Your real tax rate: 40%
By Scott Burns
Income taxes, sales taxes, property taxes, Social Security and Medicare taxes, 'sin' taxes and the rest add up to a virtual flat tax nationwide.
We have a national flat tax, albeit one with bumps and potholes.
The fact that the political parties won't acknowledge this is one reason they are doing a disservice to the voting public.
Instead, both parties have a vested interest in the theatrical possibilities created by the idea of graduated tax rates. Notice that I said "the idea of" graduated tax rates. That should not be confused with reality.
Democrats argue that taxes on the rich should be raised because others need the money. This wins votes from the legions of voters who aren't rich.
Republicans argue, with great piety, that high taxes crush incentives and should be reduced, and that only then will the American way see a new dawn.
Politicians talk this way because they generally talk about only one tax: the federal income tax, which offers graduated rates from 10% to 35%.
Politicians rarely talk about what real people experience: the true maze of taxes and government benefits.

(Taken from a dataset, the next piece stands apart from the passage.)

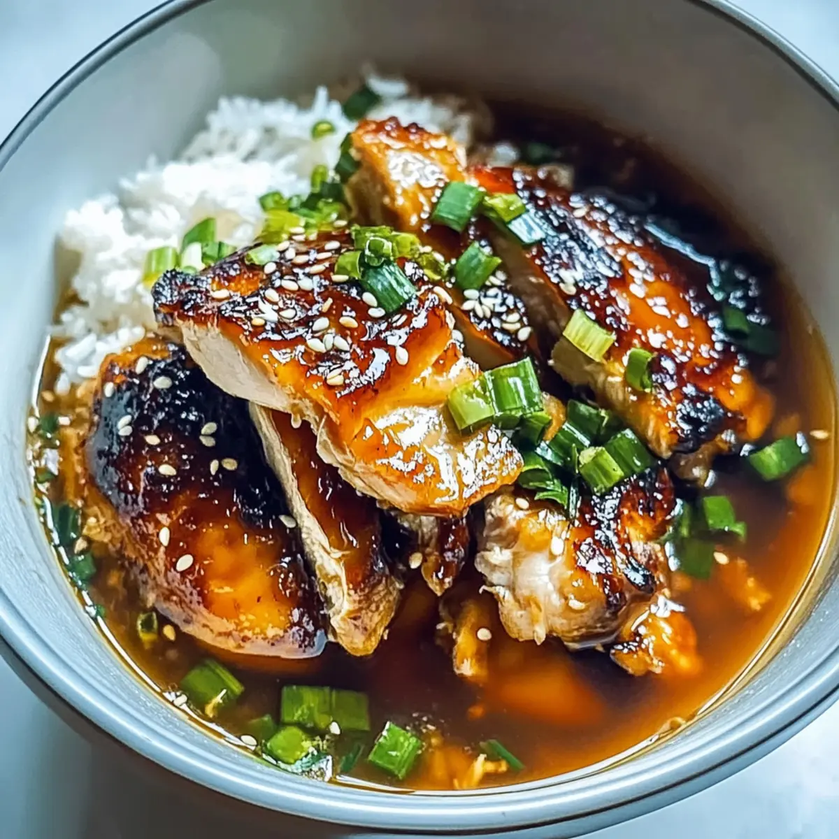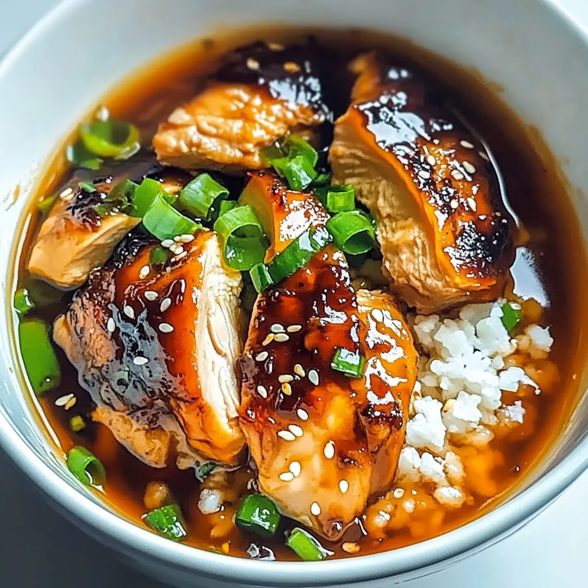 Jump to Recipe Print RecipeThe moment the chicken hits the pan, a fragrance fills the air that instantly transports me to a bustling Asian street market. My Caramelised Soy Chicken in Garlic Ginger Broth is not just another dinner; it’s a warm hug on a plate. Tender, juicy chicken thighs simmer in a rich, umami-packed broth, marrying the sweetness of honey with the sharpness of garlic and ginger. This dish is perfect for those busy weeknights when you crave something effortless yet delicious, and its versatility means you can easily adapt it to suit vegetarian tastes if you’re looking for a fun twist. Whether you’re feeding a crowd or savoring a cozy meal at home, this recipe enchants the senses and promises to create lasting memories. Are you ready to elevate your weeknight dinners? Let’s dive into the cooking bliss! Why is this Chicken Recipe a Must-Try? Flavor Explosion: The rich combination of garlic, ginger, and soy sauce creates a mouthwatering experience, ensuring every bite is packed with savory delight. Quick & Easy: With minimal prep, you can whip up this comforting meal in under 30 minutes, making it ideal for busy nights. Versatile Options: Not a chicken fan? Swap in firm tofu or seasonal veggies for a vegetarian twist that’s equally satisfying. Crowd-Pleaser: This dish is perfect for gatherings or family dinners, sure to impress even the pickiest eaters. Pair it with a side of fresh salad for a balanced meal! For more chicken recipes, check out my Cheesy Garlic Chicken or Garlic Chicken Thighs. Rich Cultural Taste: Bringing a flair of Asian cuisine into your home, this dish creates an authentic experience right in your kitchen. Caramelised Soy Chicken Ingredients • Note: Gather these essentials to whip up my delicious Caramelised Soy Chicken in Garlic Ginger Broth! For the Chicken Boneless Chicken Thighs – Use thighs with some fat for juiciness and rich flavor. Soy Sauce – Provides umami and saltiness; substitute with tamari for gluten-free. Dark Soy Sauce – Adds depth of flavor and color; can replace with more regular soy sauce if needed. Vegetable Oil – For sautéing until caramelized; can use canola or grapeseed oil. For the Broth Chicken Broth – Forms the flavorful base of the dish; use vegetable broth for a vegetarian option. Garlic (minced) – Offers robust flavor; fresh is best, but powdered can work in a pinch. Fresh Ginger (grated) – Adds warmth and spice; ground ginger can substitute, but the flavor differs. Rice Vinegar – Balances the dish with acidity; apple cider vinegar is a good alternative. Brown Sugar – Provides sweetness to balance flavors; coconut sugar is a lower glycemic alternative. Honey – Enhances sweetness and complexity; maple syrup can be used for a vegan option. Sesame Oil – Adds a nutty aroma; optional if not available. For Serving Cooked White Rice – Acts as the comforting base; brown rice can be a healthier substitute. Green Onions – Adds color and a mild onion flavor; chives work in a pinch. Sesame Seeds – Offers crunch and visual appeal; crushed peanuts can provide a different texture. Step‑by‑Step Instructions for Caramelised Soy Chicken in Garlic Ginger Broth with Rice Step 1: Prepare Marinade In a medium bowl, whisk together ¼ cup of soy sauce, 2 tablespoons of dark soy sauce, 2 tablespoons of brown sugar, and 1 tablespoon of rice vinegar until the sugar dissolves. This aromatic marinade is essential for the Caramelised Soy Chicken, balancing sweetness and umami. Set it aside while you prepare the chicken. Step 2: Marinate Chicken Coat 4 boneless chicken thighs generously with the marinade, ensuring all sides are well-covered. For the most flavorful results, allow the chicken to marinate for at least 20 minutes; however, refrigerating for up to 2 hours will deepen the flavor profile. You’ll notice the chicken soaking up the marinade beautifully as it rests. Step 3: Sear Chicken Heat 2 tablespoons of vegetable oil in a large skillet over medium-high heat until shimmering. Add the marinated chicken thighs and sear them for about 5-7 minutes on each side, or until they turn a golden brown and are thoroughly cooked. Remove the chicken from the pan and set them aside, letting their juices settle while you prepare the broth. Step 4: Sauté Aromatics In the same pan, add 2 teaspoons of minced garlic and 1 tablespoon of grated fresh ginger. Sauté these aromatics for 1-2 minutes, stirring constantly, until they become fragrant but avoid browning them to prevent bitterness. This step will infuse your broth with a robust flavor that makes the Caramelised Soy Chicken irresistible. Step 5: Make Broth Pour in 2 cups of chicken broth and 1 tablespoon of sesame oil, scraping the bottom of the pan to incorporate any flavorful bits. Bring the mixture to a gentle simmer, letting it reduce slightly for about 5 minutes. The broth should have a rich aroma as it melds with the sautéed garlic and ginger, creating a savory base for your chicken. Step 6: Serve Slice the seared chicken thighs into bite-sized pieces and return them to the simmering broth to warm through for 2-3 minutes. Prepare bowls of fluffy cooked white rice and ladle the aromatic broth with chicken over the top. Garnish generously with chopped green onions and a sprinkle of sesame seeds for a delightful crunch, making your Caramelised Soy Chicken a feast for the senses. Caramelised Soy Chicken Variations & Substitutions Feel free to customize this recipe and add your own personal touch to elevate your dish! Vegetarian Option: Substitute chicken thighs with firm tofu or diced seasonal vegetables for a delicious, meatless meal. The tofu absorbs all the lovely flavors from the marinade and broth, creating a satisfying dish that still feels hearty. Gluten-Free: Use tamari in place of soy sauce if gluten-free is a must. This simple swap keeps all the umami flavor while catering to any dietary needs. Healthier Rice: Swap white rice for brown rice to add m

If someone put them all together, we could see what our actual tax burden was. We could see who pays at the highest or lowest rates. Discussions of tax policy wouldn't be a waste of time.
Well, two researchers did it.
In a study for the National Bureau of Economic Research, Boston University economists Laurence J. Kotlikoff and David Rapson have found that our all-in marginal tax rate is 40%, give or take a bit. Yes, you read that right: 40%.
Most workers will pay about that much on each dollar of income when all taxes -- federal and state income taxes, sales taxes, taxes for benefit programs, etc. -- are considered.
As a consequence, a 30-year-old couple earning only $20,000 a year has a marginal tax rate of 42.5%, while a 45-year-old couple earning $500,000 pays at 43.2%. There are some exceptions: A 30-year-old couple earning $50,000 a year, for instance, pays 24.4%, and a 60-year-old couple making $150,000 a year faces a tax rate of 47.7%.
The average marginal tax rate on incomes between $20,000 and $500,000 is 40.3%, the median tax rate is 41.8%, and the standard deviation of all of those rates is 5.3 percentage points. Basically, most of us pay about 40%, plus or minus 5.3 percentage points.
That's not a big range, particularly when you notice that it covers an income rise of 2,500%.
So I have a modest proposal: Ask your senators or representative if they have a clue about this. If they don’t, regardless of party, they shouldn't be in office. Vote accordingly.